[Opening INFORMATION GIVEN section]

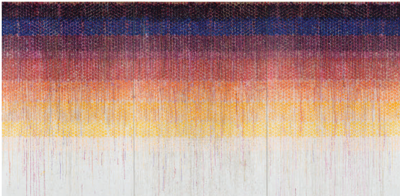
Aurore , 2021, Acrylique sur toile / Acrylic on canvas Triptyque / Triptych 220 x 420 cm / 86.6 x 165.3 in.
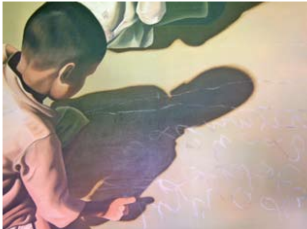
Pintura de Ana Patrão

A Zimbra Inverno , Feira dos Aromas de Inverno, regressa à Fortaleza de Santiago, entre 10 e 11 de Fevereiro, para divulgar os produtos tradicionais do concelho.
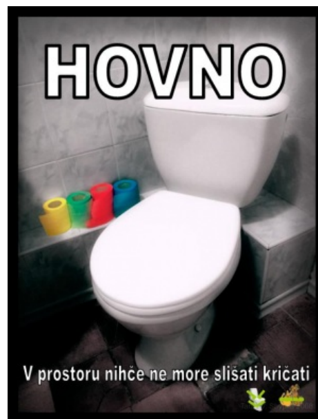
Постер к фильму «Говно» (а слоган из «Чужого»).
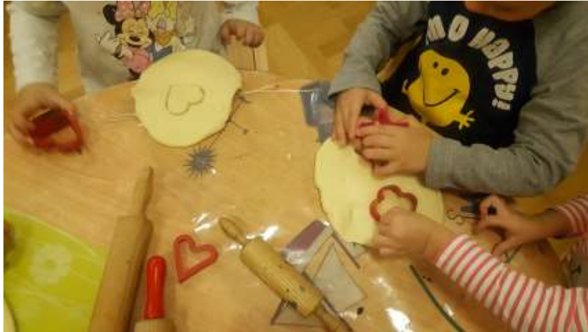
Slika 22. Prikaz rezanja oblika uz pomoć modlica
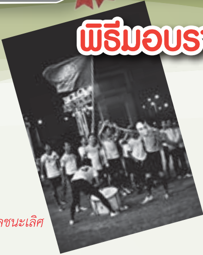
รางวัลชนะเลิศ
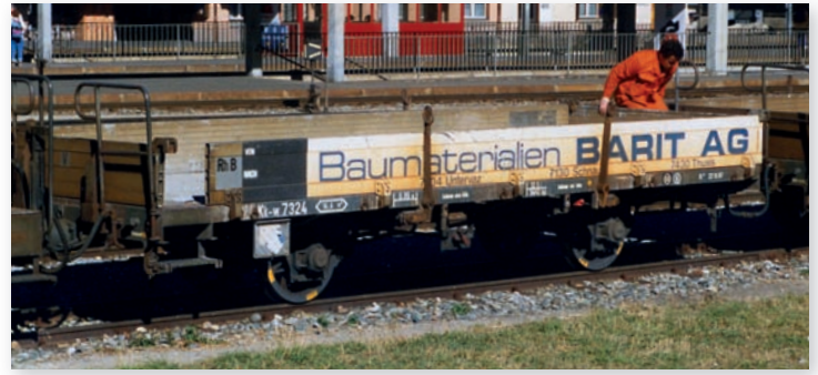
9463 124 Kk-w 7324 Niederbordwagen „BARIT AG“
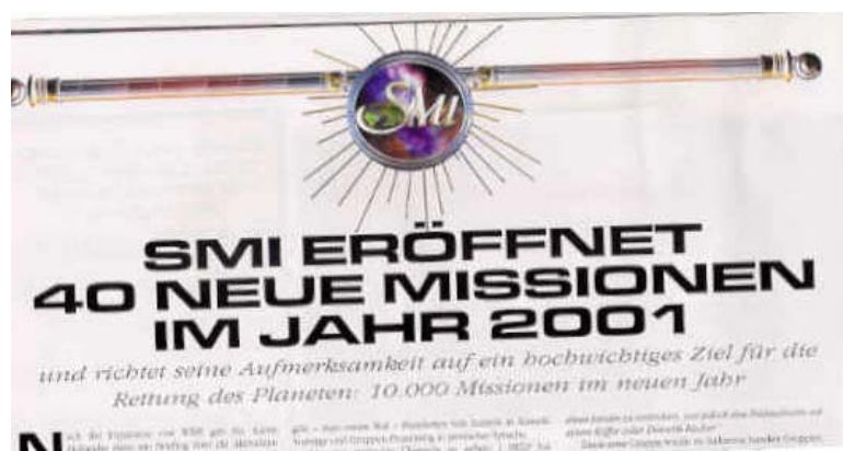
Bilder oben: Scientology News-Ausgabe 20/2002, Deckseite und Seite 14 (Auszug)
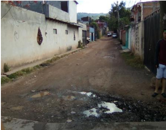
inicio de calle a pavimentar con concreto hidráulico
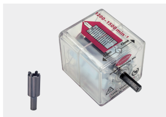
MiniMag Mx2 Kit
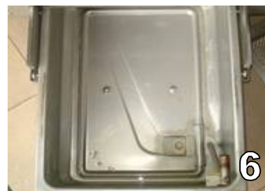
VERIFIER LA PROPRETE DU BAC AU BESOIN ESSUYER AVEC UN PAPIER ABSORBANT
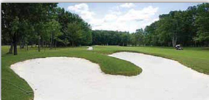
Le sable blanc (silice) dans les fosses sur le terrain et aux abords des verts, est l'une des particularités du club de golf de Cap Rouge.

[Closing INFORMATION GIVEN section]

WORK TASK | From the line holding "Bilder oben: Scientology" to the final line of the data above, give each line again exactly, both ends included, and drop the pictures.

TASK RESULT |
Bilder oben: Scientology News-Ausgabe 20/2002, Deckseite und Seite 14 (Auszug)
inicio de calle a pavimentar con concreto hidráulico
MiniMag Mx2 Kit
VERIFIER LA PROPRETE DU BAC AU BESOIN ESSUYER AVEC UN PAPIER ABSORBANT
Le sable blanc (silice) dans les fosses sur le terrain et aux abords des verts, est l'une des particularités du club de golf de Cap Rouge.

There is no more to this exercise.